Strong Push for Electric Two-Wheelers

The draft clearly states that two-wheelers make up around 67 percent of Delhi’s total vehicles today. Therefore, the government sees this segment as key for reducing pollution levels in the city. However, instead of gradual limits, the draft proposes a direct shift away from petrol models. From April 1, 2028, only electric two-wheelers will be allowed for new registrations in Delhi.

This move sets a fixed timeline for buyers, dealers, and manufacturers to prepare accordingly. Moreover, it removes confusion around engine capacity or emission based restrictions in the future. The proposal signals a complete transition path rather than a phased reduction approach.

Incentive Structure Explained

The draft includes financial support to encourage early adoption of electric two-wheelers among buyers. However, these incentives reduce every year, which encourages faster purchase decisions from interested customers.

YearIncentive per kWhMaximum Cap
Year 1Rs. 10,000Rs. 30,000
Year 2Rs. 6,600Rs. 20,000
Year 3Rs. 3,300Rs. 10,000

Electric two-wheelers priced up to Rs. 2.25 lakh at the factory level qualify under this scheme. Therefore, mid range electric scooters and bikes will benefit more under the current structure. In addition, the decreasing subsidy suggests the government expects better cost balance over time.

Scrappage Incentive for Older Vehicles

The policy also includes a scrappage incentive to support buyers switching from older petrol two-wheelers. Buyers can get Rs. 10,000 if they scrap a BS-IV or older registered vehicle. However, the new electric purchase must happen within six months after receiving the deposit certificate.

This step adds another benefit for existing owners planning to shift to electric mobility. Moreover, it supports removing older polluting vehicles from Delhi roads in a controlled manner. The incentive amount is modest, yet it works as an additional push alongside purchase benefits.

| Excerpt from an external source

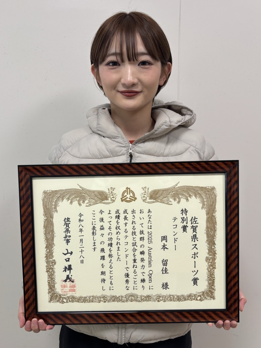 岡本さんはさらに、各種スポーツ大会等において優秀な成績を収め、県民にスポーツを通した夢や感動を与えるなど佐賀県のスポーツ推進に貢献した選手等の功績をたたえる「佐賀県スポーツ賞」の『特別賞』も受賞されています

Tax Benefits and Registration Support

The draft continues offering full exemption from road tax and registration fees for electric vehicles. Therefore, buyers can save extra money during the purchase process beyond direct subsidies. In addition, these benefits remain valid during the entire policy period, subject to conditions.

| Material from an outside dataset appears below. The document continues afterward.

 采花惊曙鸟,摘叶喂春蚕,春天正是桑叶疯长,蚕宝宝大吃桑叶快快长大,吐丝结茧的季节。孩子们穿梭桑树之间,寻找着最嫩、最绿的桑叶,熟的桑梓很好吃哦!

This approach makes electric two-wheelers more attractive compared to petrol models in overall ownership cost. However, the long term savings will depend on battery costs and charging availability across the city.

OEM Responsibilities and Charging Plans

The policy also holds manufacturers and dealers who were in Delhi at this time to be responsible. OEMs need to make sure that they supply electric vehicles adequately to satisfy the increasing demand around the city. Additionally, every dealer should have at least one publicly charging station with three charging points.

Delhi Transco Limited is also assigned the responsibility of planning and implementation of charging infrastructure under the draft. As such, the city will roll out coordinated charging and battery swapping stations. Moreover, there will be a single window clearance system making approvals and tracking easier.

In general, the draft policy provides a definite path to the development of electric mobility in Delhi. Nevertheless, its overall effect will be determined by implementation, stability of prices and its reaction by the buyer in the long term.